16 Nested F Tests

Getting Started As always, insert a chunk for the R packages (and SLU functions) we will need.

library(tidyverse)
source("~/rstudioshared/IRamler/scripts/slunova.R")  # for ANOVA test

For today’s topic, we are going to revisit many of the examples from the last several class periods.

16.1 Example 1: Roller Coasters

rc = read_csv("data/roller_bigger.csv")

We previously fit a model that allowed the relationship between length (feet) and top speed (mph) differ for roller coasters with inversions and those without.

ggplot(rc, aes(x=Length, y=Speed, color=Inversions)) + 
  geom_point() + 
  geom_smooth(method="lm",se=FALSE) + 
  labs(x="Length of Track (feet)", y = "Top Speed (mph)")

We defined an indicator variable to indicate presence of inversions

rc$InversionIND = ifelse(rc$Inversions=="Yes", 1, 0)

and proposed a model

$Speed = \beta_0 +\beta_1 Length + \beta_2 InversionIND + \beta_3 Length*InversionIND + \epsilon$

and fit the model

modrc_full = lm(Speed ~ Length + InversionIND + Length*InversionIND, data=rc)
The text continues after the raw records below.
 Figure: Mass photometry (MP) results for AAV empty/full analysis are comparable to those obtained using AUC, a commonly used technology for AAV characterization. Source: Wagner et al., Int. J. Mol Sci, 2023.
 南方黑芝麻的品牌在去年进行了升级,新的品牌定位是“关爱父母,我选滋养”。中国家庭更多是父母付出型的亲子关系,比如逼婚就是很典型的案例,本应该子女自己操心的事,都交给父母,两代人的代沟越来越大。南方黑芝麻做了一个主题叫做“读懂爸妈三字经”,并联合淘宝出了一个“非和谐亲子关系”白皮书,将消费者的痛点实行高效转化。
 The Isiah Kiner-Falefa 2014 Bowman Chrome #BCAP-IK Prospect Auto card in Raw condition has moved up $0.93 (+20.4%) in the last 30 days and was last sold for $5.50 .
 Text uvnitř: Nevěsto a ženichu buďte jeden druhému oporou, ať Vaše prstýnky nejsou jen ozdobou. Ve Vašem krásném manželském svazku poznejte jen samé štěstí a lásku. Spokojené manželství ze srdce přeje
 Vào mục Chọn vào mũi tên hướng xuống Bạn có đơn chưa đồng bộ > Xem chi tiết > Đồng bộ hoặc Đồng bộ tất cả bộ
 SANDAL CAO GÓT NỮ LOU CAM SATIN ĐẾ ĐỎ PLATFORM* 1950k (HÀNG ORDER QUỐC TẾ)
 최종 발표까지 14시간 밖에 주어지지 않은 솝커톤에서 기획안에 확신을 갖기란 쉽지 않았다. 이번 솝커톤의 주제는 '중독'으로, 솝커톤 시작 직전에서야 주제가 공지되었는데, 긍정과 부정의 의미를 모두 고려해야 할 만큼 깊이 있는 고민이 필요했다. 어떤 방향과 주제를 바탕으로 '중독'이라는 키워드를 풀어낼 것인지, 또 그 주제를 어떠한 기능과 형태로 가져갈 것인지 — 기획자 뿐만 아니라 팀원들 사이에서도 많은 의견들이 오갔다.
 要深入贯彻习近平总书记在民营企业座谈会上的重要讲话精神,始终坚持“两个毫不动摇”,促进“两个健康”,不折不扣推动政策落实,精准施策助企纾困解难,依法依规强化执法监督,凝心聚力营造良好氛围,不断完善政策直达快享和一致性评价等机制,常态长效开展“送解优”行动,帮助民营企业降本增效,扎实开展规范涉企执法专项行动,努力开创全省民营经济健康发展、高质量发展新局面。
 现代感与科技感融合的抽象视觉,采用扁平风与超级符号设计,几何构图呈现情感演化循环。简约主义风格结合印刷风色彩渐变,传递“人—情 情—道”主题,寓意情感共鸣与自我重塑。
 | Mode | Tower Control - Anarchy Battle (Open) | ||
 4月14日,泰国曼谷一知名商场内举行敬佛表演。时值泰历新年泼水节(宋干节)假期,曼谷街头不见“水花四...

Now, we want to conduct a single hypothesis test to determine if there is evidence of different lines for the two types of roller coasters.

State the hypotheses for this test.
To conduct this test, we need to know

the amount of variation in speed that is currently being explained by this full model
the mean square error for this full model.

slunova(modrc_full)

To test the significance of the terms in the model that create different lines for the two groups, we need to remove those terms. Which terms, specifically, do we need to remove from the model? Also note how many terms you are removing.
Fit a model with the identified terms removed, and determine the amount of variation in speed that is being explained by this reduced model.
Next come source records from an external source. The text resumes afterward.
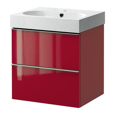 ГОДМОРГОН/БРОВИКЕН Шкаф для раковины с 2 ящ - глянцевый красный/светло-серый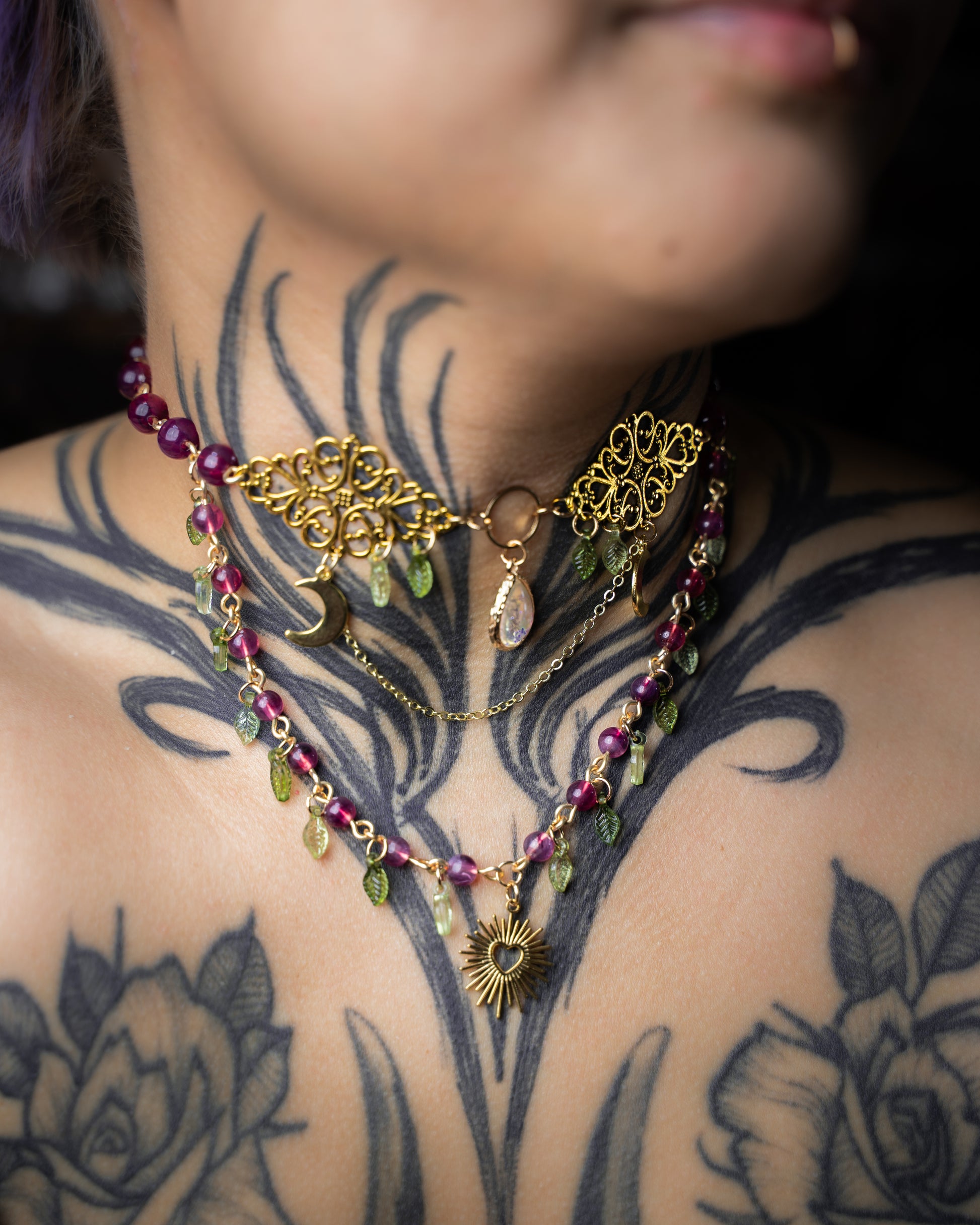 "Vermeide es, die Halskette beim Duschen, Schwimmen oder in feuchter Umgebung zu tragen, da Feuchtigkeit die Materialien beschädigen oder zu Hautirritationen führen kann."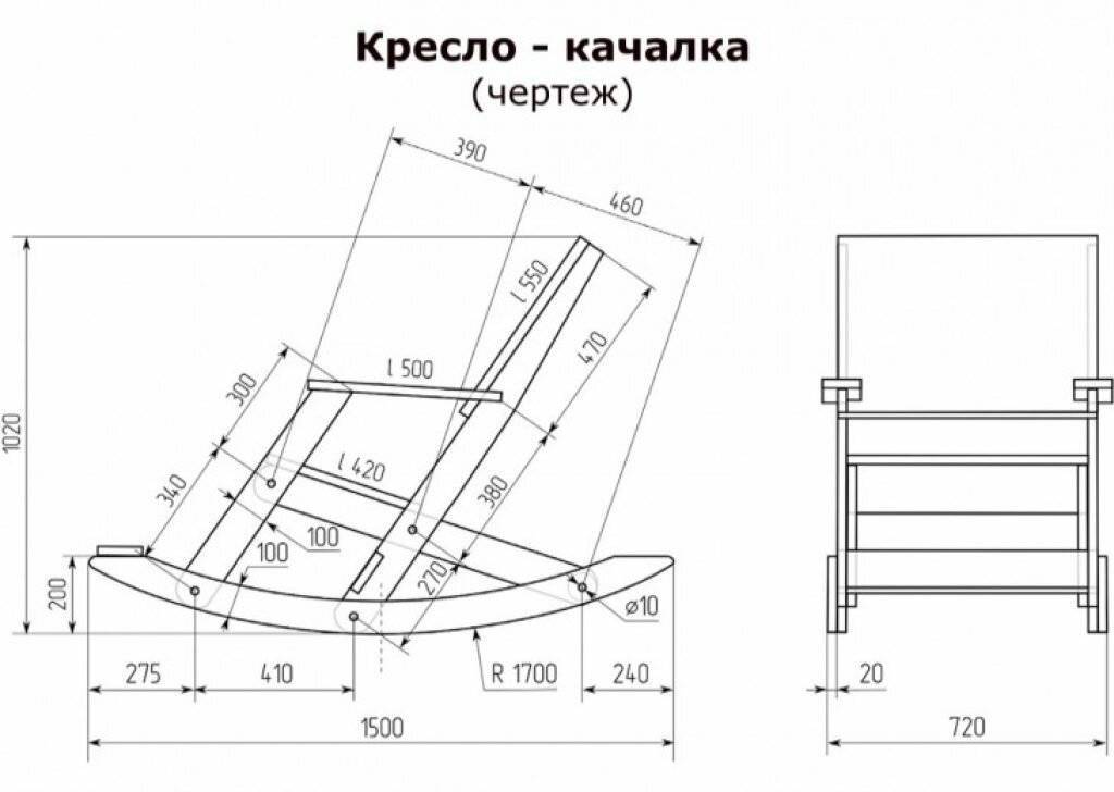 Чертеж кресла-качалки должен быть детально просчитан и учитывать параметры веса всех домочадцев. Однозначно, никто не сможет устоять против желания воспользоваться таким предметом интерьера, а значит, конструкция должна быть очень крепкой и надежной во избежание перегруза.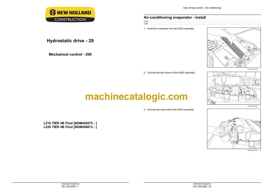 New Holland L218, L220 Tier 4B Final 200 Series Skid Steer Loader Service Manual (47851949)

modrc_reduced = lm(Speed ~ Length, data=rc)
slunova(modrc_reduced)

How much extra variation did these two terms explain?
Combine our answers to 2 - 5 to obtain the nested F test statistic needed to test our hypotheses.
Use the test statistic to find the p-value associated with this test (hint: F tests are always “Right Tail”).
Make an appropriate conclusion for this test.
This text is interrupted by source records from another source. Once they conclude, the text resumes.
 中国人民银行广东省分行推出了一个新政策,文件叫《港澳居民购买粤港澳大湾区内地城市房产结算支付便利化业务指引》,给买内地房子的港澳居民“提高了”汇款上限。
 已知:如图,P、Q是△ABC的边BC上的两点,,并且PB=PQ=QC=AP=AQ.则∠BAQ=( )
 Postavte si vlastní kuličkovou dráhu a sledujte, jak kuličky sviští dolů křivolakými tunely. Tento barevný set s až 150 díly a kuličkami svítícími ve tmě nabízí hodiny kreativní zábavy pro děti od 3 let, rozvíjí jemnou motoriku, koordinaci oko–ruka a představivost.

16.2 Example 2: Complete Second Order Model for Product Quality

Next, we will revisit the complete second order model for product quality. There are several nested F tests that could be reasonable in this situation. I am not going to walk you through the steps this time.

pqdata = read_csv("data/ProductQuality.CSV")

Recall: Suppose you want to model the quality, y, of a product was a function of the temperature and the pressure. Four inspectors independently assign a quality score (between 0 and 100) to each product, and then the quality, y, is calculated by averaging the four scores. An experiment was conducted by varying the temperature between 80o and 100o F and pressure between 50 and 60 psi (pounds per square inch). The engineers believe that a complete second-order model would adequately describe the relationship between product quality and the two predictors (temperature and pressure).

Proposed Complete Second Order Model:

$Quality = \beta_0 + \beta_1 Temp + \beta_2 Pressure + \beta_3Temp*Pressure + \beta_4Temp^2 + \beta_5Pressure^2 +\epsilon$

Fitted Complete Second Order Model:

modpq_full = lm(Quality ~ Temperature + Pressure + Temperature*Pressure + I(Temperature^2) + I(Pressure^2), data=pqdata)

# info from the full model
slunova(modpq_full)

Nested F Test 1: Conduct a single hypothesis test to determine if there is evidence that including at least one of the quadratic terms improves the model.

modpq_noquad <- lm(Quality ~ Temperature + Pressure + Temperature * Pressure,
                   data = pqdata)
slunova(modpq_noquad)

( (8402.3 - 2425)/2 ) / 2.82

Nested F Test 2: Conducte a single hypothesis test to determine if there is evidence that including Pressure improves the model.

modpq_temp_only = lm(Quality ~ Temperature + I(Temperature^2), data=pqdata)
slunova(modpq_temp_only)

anova(modpq_temp_only, modpq_full)

# Don't do this!
# Cubic ("reduced") model is not nested within Full model
# F-test is not valid

modpq_cubic <- lm(Quality ~ Temperature + I(Temperature^2) + I(Temperature^3),
                  data = pqdata)

anova(modpq_cubic, modpq_full)

# Instead, use other "model building and assessment tools"
# e.g., Adjusted R-Squared
summary(modpq_cubic)
summary(modpq_full)